[library] vip__management recovered with error

Bug #1323277 reported by Egor Kotko
30
This bug affects 4 people
Affects Status Importance Assigned to Milestone
Fuel for OpenStack
Fix Released
Critical
Sergey Vasilenko
4.1.x
Won't Fix
Critical
Aleksandr Didenko
5.0.x
Won't Fix
Critical
Aleksandr Didenko

Bug Description

{"build_id": "2014-05-25_23-01-31", "mirantis": "yes", "build_number": "22", "ostf_sha": "1f020d69acbf50be00c12c29564f65440971bafe", "nailgun_sha": "bd09f89ef56176f64ad5decd4128933c96cb20f4", "production": "docker", "api": "1.0", "fuelmain_sha": "db2d153e62cb2b3034d33359d7e3db9d4742c811", "astute_sha": "a7eac46348dc77fc2723c6fcc3dbc66cc1a83152", "release": "5.0", "fuellib_sha": "b9985e42159187853edec82c406fdbc38dc5a6d0"}

Step to reproduce:
1. Deploy ha on Centos with neutron vlan with 3 controllers
2. When deployment finish with success ssh on controller and see where vips are running (crm status)
3. ssh on node where vip__management is running
4. shut down br-mgmt
5. using crm see if vip__management is recovered

Expected:
crm move vip__management after shutdown the interface and cluster will be operational

Actual result:
crm move vip__management but cluster in not operational

The output of
#nova --debug service-list
http://paste.openstack.org/show/81510/

[root@node-2 ~]# nova-manage service list
Binary Host Zone Status State Updated_At
nova-cert node-1.domain.tld internal enabled XXX 2014-05-26 11:00:56
nova-consoleauth node-1.domain.tld internal enabled XXX 2014-05-26 11:01:00
nova-scheduler node-1.domain.tld internal enabled XXX 2014-05-26 11:00:56
nova-conductor node-1.domain.tld internal enabled XXX 2014-05-26 11:00:56
nova-cert node-2.domain.tld internal enabled :-) 2014-05-26 12:26:59
nova-consoleauth node-2.domain.tld internal enabled :-) 2014-05-26 12:26:59
nova-scheduler node-2.domain.tld internal enabled :-) 2014-05-26 12:26:58
nova-conductor node-2.domain.tld internal enabled :-) 2014-05-26 12:26:59
nova-cert node-3.domain.tld internal enabled :-) 2014-05-26 12:26:54
nova-consoleauth node-3.domain.tld internal enabled :-) 2014-05-26 12:26:54
nova-scheduler node-3.domain.tld internal enabled :-) 2014-05-26 12:26:54
nova-conductor node-3.domain.tld internal enabled :-) 2014-05-26 12:26:54
nova-compute node-4.domain.tld nova enabled XXX 2014-05-26 12:24:29

Revision history for this message
Egor Kotko (ykotko) wrote :
Changed in fuel:
assignee: nobody → Fuel Library Team (fuel-library)
Changed in fuel:
assignee: Fuel Library Team (fuel-library) → Dmitry Borodaenko (dborodaenko)
Revision history for this message
Dmitry Borodaenko (angdraug) wrote :

Egor, please use unique descriptive names when you upload log bundles.

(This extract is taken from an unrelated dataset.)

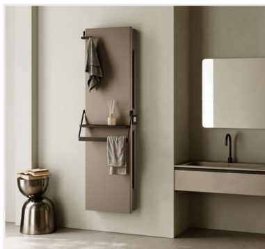
Ventana Vertical versione Baden di Cordivari Design

La Serie Vertical di Cordivari Design comprende radiatori di design ad alte performance termiche, a sviluppo verticale per caldo & freddo, utilizzabili tutto l'anno. Due le versioni: Ventana Vertical e Run Vertical , entrambi adottano innovative soluzioni aeruliche, elettroniche evolute, motori brushless DC inverter e sono ideali in abbinamento a impianti a pompa di calore. Una griglia invisibile permette la ventilazione laterale brevettata, massimizzando prestazioni e comfort con un flusso d'aria silenzioso. Il design è minimal ed elegante , personalizzabile in oltre 80 colori della cartella Colour System Cordivari Design, scegliendo tra tinte lucide, opache e materiche. La versione "Baden" è specifica per l'ambiente bagno e dotata di una barra accessori. Tramite app da smartphone si può gestire il funzionamento. http://www.cordivaridesign.it

Revision history for this message
Dmitry Borodaenko (angdraug) wrote :

I tried the proposed test case with 4.1.1 and the outcome was even worse than described in the bug: vip__management didn't even recover after bringing br-mgmt down.

Changed in fuel:
importance: Medium → Critical
tags: removed: icehouse
tags: added: ha
Revision history for this message
Dmitry Borodaenko (angdraug) wrote :
Revision history for this message
Bogdan Dobrelya (bogdando) wrote :
Revision history for this message
Dmitry Borodaenko (angdraug) wrote :

This looks like the same problem with the public VIP:
https://bugs.launchpad.net/fuel/+bug/1324951

Revision history for this message
Ryan Moe (rmoe) wrote :

I tested this on ISO 344 on ubuntu and everything worked correctly. I tried both ip link set down and ifdown and both worked.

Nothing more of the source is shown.